Tuesday, March 10, 2015

Hang Seng Melemah Menanggapi Data PPI


SOLID GOLD PALEMBANG - Indeks Hang Seng terkoreksi dari kenaikan 0,1% saat pembukaan di hari Selasa (10/03) setelah rilis data Indeks Harga Produsen (PPI) di bulan Februari negaranya yang menandai deflasi PPI selama tiga tahun. Investor Hang Seng tampak mengabaikan naiknya indeks harga Konsumen (CPI) dan fokus pada data PPI yang turun 4,8% bulan lalu lebih rendah dari ekpektasi penurunan 4,3% dan level yang sama di bulan Januari.

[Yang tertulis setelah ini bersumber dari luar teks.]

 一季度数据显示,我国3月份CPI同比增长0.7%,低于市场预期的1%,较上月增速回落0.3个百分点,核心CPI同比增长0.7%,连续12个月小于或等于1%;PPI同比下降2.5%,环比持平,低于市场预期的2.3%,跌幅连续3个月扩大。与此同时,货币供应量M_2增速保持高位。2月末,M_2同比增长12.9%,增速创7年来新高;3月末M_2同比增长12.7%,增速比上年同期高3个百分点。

Laju inflasi CPI tahunan China naik 1,4% di bulan Februari, mengalahkan estimasi kenaikan 0,9% dan level kenaikan 0,8% di bulan Januari. Menurut bank Jepang Nomura yang diwawancarai Dow Jones Newswire, jika disesuaikan dengan dampak hari raya Imlek, rata-rata inflasi CPI tahunan di bulan Januari - Februari menjadi 1,1%, lebih rendah dari 1,5% di bulan Desember. Nomura juga menuding harga komoditas dan kelebihan kapasitas dalam industri hulu di tingkat yang mengkhawatirkan menjadi sebab penurunan PPI China di bulan Februari. Nomura memprediksi China akan memangkas suku bunga acuan sebesar 25 basis poin pada kuartal kedua serta menurunkan rasio cadangan wajib sebesar 50 basis poin di tahun ini.

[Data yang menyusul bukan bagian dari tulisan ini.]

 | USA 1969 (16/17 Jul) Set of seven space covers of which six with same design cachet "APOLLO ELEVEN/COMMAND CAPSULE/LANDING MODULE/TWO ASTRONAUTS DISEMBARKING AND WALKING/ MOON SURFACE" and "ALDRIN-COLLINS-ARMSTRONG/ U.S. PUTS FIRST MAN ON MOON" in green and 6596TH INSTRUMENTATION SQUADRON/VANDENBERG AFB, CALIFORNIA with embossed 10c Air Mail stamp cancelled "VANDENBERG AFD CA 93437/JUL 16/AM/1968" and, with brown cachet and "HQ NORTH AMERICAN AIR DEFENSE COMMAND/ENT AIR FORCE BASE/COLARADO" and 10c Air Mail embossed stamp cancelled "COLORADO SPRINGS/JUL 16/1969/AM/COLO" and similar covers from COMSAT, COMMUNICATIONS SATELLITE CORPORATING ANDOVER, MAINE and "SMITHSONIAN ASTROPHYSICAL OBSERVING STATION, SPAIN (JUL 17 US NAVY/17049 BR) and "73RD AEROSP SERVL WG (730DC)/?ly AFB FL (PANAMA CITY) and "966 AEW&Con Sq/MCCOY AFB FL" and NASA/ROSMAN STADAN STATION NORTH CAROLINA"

Indeks Hang Seng kini diperdagangkan turun 0,85% di kisaran 23919.40, dengan level tertinggi harian 24152.40 dan level terendah harian 23897.33. Sementara Indeks Hang Seng Berjangka juga turun 0,87% di kisaran 23861, dengan level tertinggi harian 24111 dan level terendah harian 23835.